Research reveals urine-treated plants yielding bigger bananas
A research project on the effect of human excreta on soil properties and crop growth has revealed that banana plants not only flowered and bore fruit 15 to 20 days in advance, but also weighed substantially more when treated with human urine.
A doctoral study carried out by a research student of University of Agricultural Sciences, UAS, Bangalore, billed as the first of its kind in the country, chose 180 banana plants in a plantation in Nagasandra village, about 50 kms from Bangalore.

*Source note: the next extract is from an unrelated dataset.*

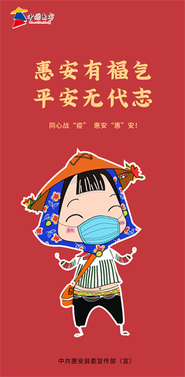 众所周知,早在1600多年前的晋朝,惠安石雕作为永久性的艺术已被应用。《举“石”闻名》这幅海报中,石雕工人正在打磨一尊憨态可掬的石狮子,创作团队用谐音的方式,表达出这幅海报的内涵,也体现了惠安以大县担当,争优争先争效,打造产业发展高地。 在“福见·惠安”主题海报中,小小惠安女穿戴着惠女服饰,手指着门上的大红“福”字,画面虽然简洁,但却包含着诸多内涵。让人一眼看见走过千年的惠女服饰,传达“福”文化以及收获满满的祝福。
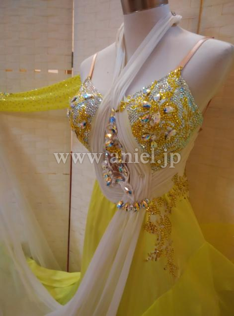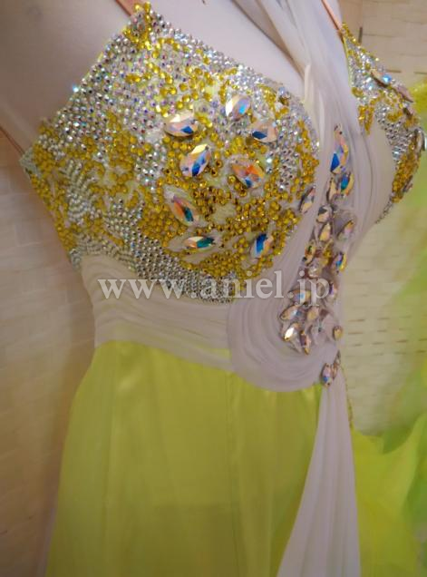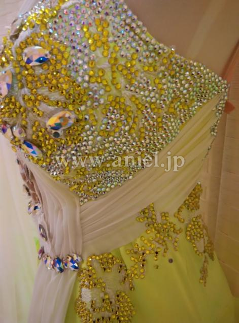 胸元はスワロフスキーストーンがびっしり貼られ非常に豪華です。

The researcher G Sridevi and her assistant poured thousands of litres of urine collected from the village to the banana plants. “Each plant was given 63 litres of urine in six doses”, said Vishwanath S, a representative of Arghyam, an agency that funded the research project.
“These plants flowered and bore fruit 15-20 days before the others. Each bunch of bananas weighed 3 kgs more than those from the normal plants, which had been given fertilizers”, he said. The 150 plants chosen by Sridevi for the research were part of the 800 on an acre of the banana plantation. “The bananas treated with urine were found to be bigger in size”, he said.
The farmers initially turned away Sridevi, a researcher from the Department of Soil Sciences and Agricultural Chemistry, University of Agricultural Sciences, Bangalore, when she approached them with the research proposal. The farmers were clearly unwilling to work with human waste.
But, Prakash, the owner of the banana plantation, whose crop was subjected to research, said the banana plants treated with urine had yielded a better crop. “Though the urine treated plants grew to a lesser height than normal plants, they have yielded a better crop”, he said.